Personnellement, je suis assez partagé sur l'intérêt et la beauté de ce support. D'un côté le tirage du cuivre est fort bien rendu. L'encrage est net et intense. Les reflets brillants apportés par la surface du satin donnent un effet plutôt original et sympathique. Les points négatifs : ce support ne se tient pas. J'entends par là qu'il ne vaut que conservé dans une pochette ou encadré et mis sous verre, bien tendu pour respecter la netteté du tirage. Relié dans un livre je doute que cela soit du meilleur effet, question de goût encore une fois. Personnellement, je préfère mille fois un tirage sur vélin véritable qui a le charme des productions manufacturées du moyen-âge. D'ailleurs souvent le tirage sur vélin véritable ou parchemin n'excède guère 1 ou 2 exemplaires par édition. C'est aussi le summum du tirage de luxe.

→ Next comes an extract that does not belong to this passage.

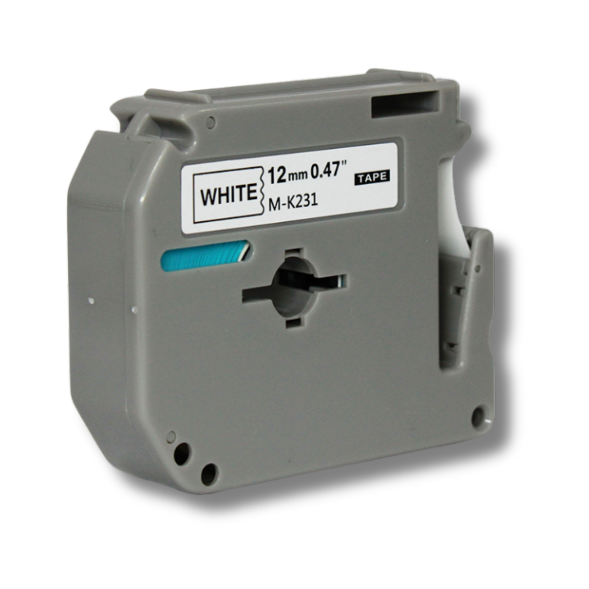 Fita de etiqueta compatível com os modelos Brother M-231 e MK-231. Ideal para rotuladores eletrônicos e etiquetadores que utilizam fitas da linha "M". Impressão em preto sobre fundo branco, perfeita para identificação e organização de diversos ambientes.

Je vous laisse tout de même admirer la chose. J'ai scanné plutôt que pris en photos pour bien vous montrer les franges de la soie. C'est avant tout un support très fragile. Fragilité qui conjuguée à sa rareté font un étrange qui conviendra ou pas aux bibliophilies exigeants. Je vous laisse donner votre sentiment sur le sujet dans les commentaires.

Bon dimanche,
Bertrand (arrière petit-fils d'une ouvrière en soie lyonnaise, à qui je dédie ce billet post mortem)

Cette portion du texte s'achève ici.